Block Execution: Blockchain, StateDB, and the EVM
Prerequisites
- ›Articles 1-2: Architecture and Boot Process
- ›Ethereum state model (accounts, storage, state trie)
- ›Understanding of Merkle Patricia Tries
Block Execution: Blockchain, StateDB, and the EVM
This is where Ethereum actually happens. Everything we've covered so far — the CLI framework, the Node container, the service wiring — exists to support one operation: executing blocks and advancing the world state. In this article we trace the complete path a block takes from arrival to state commitment, covering the three major subsystems: the BlockChain manager that tracks the canonical chain, the StateDB that holds world state in memory, and the EVM that executes contract bytecode.
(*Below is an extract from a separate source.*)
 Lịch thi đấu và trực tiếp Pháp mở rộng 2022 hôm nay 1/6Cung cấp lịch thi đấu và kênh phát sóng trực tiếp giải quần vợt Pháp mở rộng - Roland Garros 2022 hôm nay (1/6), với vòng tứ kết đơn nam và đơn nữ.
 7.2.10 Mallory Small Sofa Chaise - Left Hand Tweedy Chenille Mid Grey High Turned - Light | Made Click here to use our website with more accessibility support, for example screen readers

BlockChain: The Canonical Chain Manager
The BlockChain struct is the central coordinator for chain state. It manages the canonical chain, handles block insertion and reorganizations, and maintains LRU caches for recently accessed data:
type BlockChain struct {
chainConfig *params.ChainConfig
cfg *BlockChainConfig
db ethdb.Database
// ... caches, trie database, snapshot tree, etc.
}
The BlockChainConfig struct (not to be confused with params.ChainConfig) controls runtime behavior — trie cache limits, snapshot settings, archive mode, state pruning policy, and VM configuration. This is the configuration that eth.New() assembles from CLI flags and protocol defaults.
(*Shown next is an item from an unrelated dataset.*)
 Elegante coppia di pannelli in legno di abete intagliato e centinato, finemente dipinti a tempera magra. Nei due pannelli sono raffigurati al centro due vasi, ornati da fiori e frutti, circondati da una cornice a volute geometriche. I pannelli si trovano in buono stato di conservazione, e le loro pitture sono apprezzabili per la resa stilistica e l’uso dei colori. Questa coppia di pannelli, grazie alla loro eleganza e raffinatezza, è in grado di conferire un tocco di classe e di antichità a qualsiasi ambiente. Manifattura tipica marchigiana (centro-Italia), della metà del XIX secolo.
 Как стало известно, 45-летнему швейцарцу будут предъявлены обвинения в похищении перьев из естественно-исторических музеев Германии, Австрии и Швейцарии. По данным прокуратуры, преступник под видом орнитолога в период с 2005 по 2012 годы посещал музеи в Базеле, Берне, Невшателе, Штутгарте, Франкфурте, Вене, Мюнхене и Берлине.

The cache constants reveal performance priorities:
const (
bodyCacheLimit = 256
blockCacheLimit = 256
receiptsCacheLimit = 32
txLookupCacheLimit = 1024
)
Transaction lookups get the largest cache (1024 entries) because eth_getTransactionByHash is one of the most frequently called RPC methods.
classDiagram
class BlockChain {
-chainConfig *ChainConfig
-cfg *BlockChainConfig
-db ethdb.Database
-triedb *triedb.Database
-snaps *snapshot.Tree
-bodyCache LRU
-blockCache LRU
-txLookupCache LRU
+InsertChain(blocks) error
+CurrentBlock() *Header
+StateAt(root) (*StateDB, error)
+GetBlock(hash, number) *Block
}
class BlockChainConfig {
+TrieCleanLimit int
+TrieDirtyLimit int
+StateScheme string
+ArchiveMode bool
+SnapshotLimit int
+VmConfig vm.Config
+triedbConfig() *triedb.Config
}
BlockChain --> BlockChainConfig
The triedbConfig() method is a key bridge between the blockchain and storage layers — it translates BlockChainConfig parameters into the appropriate triedb.Config, selecting between hash-based and path-based storage schemes. We'll explore this in depth in Part 4.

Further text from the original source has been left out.